Entry: Boredom and a Bleeding Heart Oct 20, 2003



    I am sooo bored! I am actually supposed to be writing a paper on heart disease for my stupid nutrition class but I can't seem to find the will to do it!

Well, I was slightly disappointed (yet somehow relieved) that the girl Fernando found didn't show up.  I got to see Eric, and boy, has he gotten FAT!

It's mainly around his his midsection, so I'm betting it's the booze he drinks that sets him up like that.  Man, when to people ever learn?

Today was not too eventful.  I went to school, got a student ID card ( I'd lost my previous one) and got some books for this paper I am supposed to be writing from the school library.  Later on I went to Fernando's house because we were going to work out together as usual.

Fer was completely boring before we went, he just sat there and built his Magic the Gathering deck without speaking so much as a word to me. Meanwhile I tried to watch comedy central over his dog, of which had taken perch on my chest while I reclined in the lazy boy.

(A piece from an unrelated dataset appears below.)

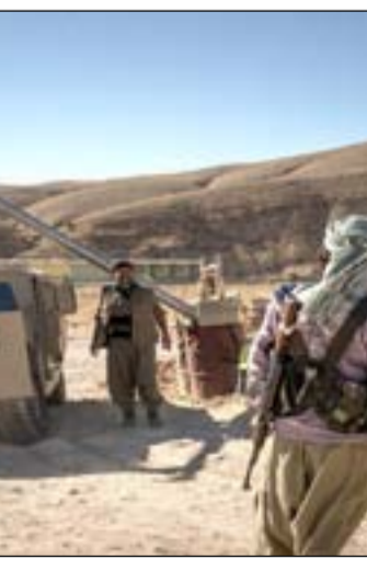
اتفاق التطبيع غير قادر على ضبط الاوضاع

رئيس الوزراء مصطفى الكاظمي. وأشار الى ان الفكرة تم استلهاها في مناطق تسيطر عليها قوات حزب العمال الكردستاني، وانه الحل المثالي لسنجار ولقي موافقة شعبية. وقال مراد ان هذا الطلب سيساهم بحكم سنجار من قبل اهلهما وابقاء الصراعات السياسية بعيدا. وان قوات ايزيدية سيتم دمجها ايضا مع القوات المسلحة العراقية طالما ان سنجار هي مدينة عراقية. مشيرا الى انه كان من المفترض ان تكون الاتفاقية بين سنجار وبغداد مؤكدا بان الحكومة غير قادرة على ايجاد حل يرضي جميع الاطراف. داوود شيخ جندي، مسؤول عن تشكيلات حزب PUK في سنجار، قال انه يدعم مقترح تحويل سنجار الى محافظة، مؤكدا بقوله "سنجار تستحق ان تصبح منطقة

When we did finally leave he asked me along the way if I was still interested in getting a job up in park city at the resort.  I said sure, why not? I could use the money, then maybe I can room with you! (I was remembering, how he had mentioned to me before that he had really wanted me to come up there with him.)

However, now he turned to me and said that he didn't think that sharing an apartment will work now.  He said that he wants to date other people and that he knows that it would just ruin our friendship should we share a place.  He said I could maybe live up there too, but in a different apartment all together.  That way he can still hang out with me and what not and he could basically date others without hurting me so much.

Well, that made me feel pretty rotten. 

I wonder what has made him change his mind so suddenly.  I also wonder, what is going on in that mind of his??  What am I to him? Do my thoughts and feelings mean anything to him?  He has said he loves me, he refuses to sleep with other females, let alone date other girls as of now.  But what does it all amount to?

I am pretty confused.  i wish I could just know what he wants.  What I want him to say is that he loves me more than all the rest.  I am his One.   Or, he says, I just think I want you for sex, I don't love you. 

Right now I have a picture in my mind that has him giving the message: "My love for you is artifical.  You mean nothing to me really. I am just using you until I go to Park City, where I am hoping to meet the girl of my dreams who is prettier, thinner, and more atheletic than you.  The only reason I even let you kiss my cheek is because I know I mean something to you, but really, you mean nothing to me.  I will leave you here, and it will mean nothing to me to know you are sad, because I will be perfectly happy."